Set limit for amount of memory to use in processing large images.  Value is

in thousands of bytes, or millions of bytes if "M" is attached to the

number.  For example,

.B \-max 4m

selects 4000000 bytes.  If more space is needed, temporary files will be used.

.TP

.BI \-outfile " name"

Send output image to the named file, not to standard output.

.TP

.B \-verbose

Enable debug printout.  More

.BR \-v 's

give more output.  Also, version information is printed at startup.

.TP

.B \-debug

Same as

.BR \-verbose .

.SH EXAMPLES

.LP

This example converts a baseline JPEG file to progressive form:

.IP

.B jpegtran \-progressive

.I foo.jpg

.B >

.I fooprog.jpg

.PP

This example rotates an image 90 degrees clockwise, discarding any

unrotatable edge pixels:

.IP

.B jpegtran \-rot 90 -trim

.I foo.jpg

.B >

.I foo90.jpg

.SH ENVIRONMENT

.TP

.B JPEGMEM

If this environment variable is set, its value is the default memory limit.

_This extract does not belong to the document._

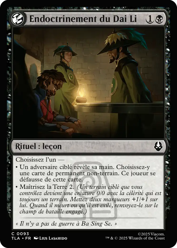 • Un adversaire ciblé révèle sa main. Choisissez-y une carte de permanent non-terrain. Ce joueur se défausse de cette carte.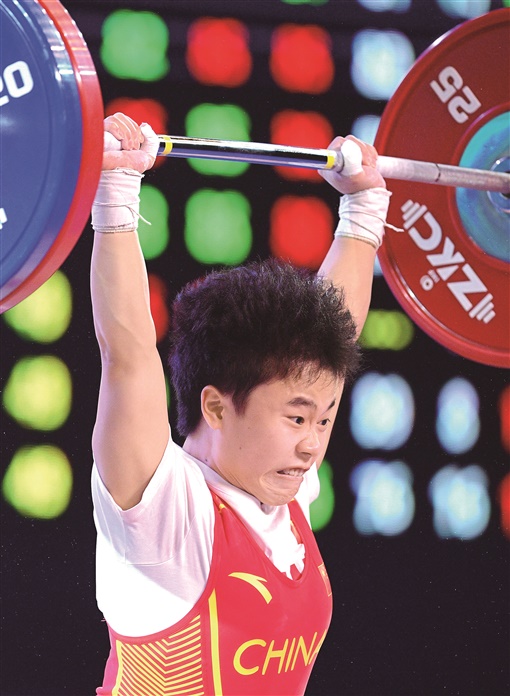 9月16日,侯志慧在比赛中。桂阳妹子侯志慧以抓举96公斤、挺举118公斤,总成绩214公斤超世界纪录夺得冠军。

The value is specified as described for the

.B \-maxmemory

switch.

.B JPEGMEM

overrides the default value specified when the program was compiled, and

itself is overridden by an explicit

.BR \-maxmemory .

.SH SEE ALSO

.BR cjpeg (1),

.BR djpeg (1),

.BR rdjpgcom (1),

.BR wrjpgcom (1)

.br

Wallace, Gregory K.  "The JPEG Still Picture Compression Standard",

Communications of the ACM, April 1991 (vol. 34, no. 4), pp. 30-44.

.SH AUTHOR

Independent JPEG Group

.SH BUGS

The transform options can't transform odd-size images perfectly.  Use

.B \-trim

or

.B \-perfect

if you don't like the results.

.PP

The entire image is read into memory and then written out again, even in

cases where this isn't really necessary.  Expect swapping on large images,

especially when using the more complex transform options.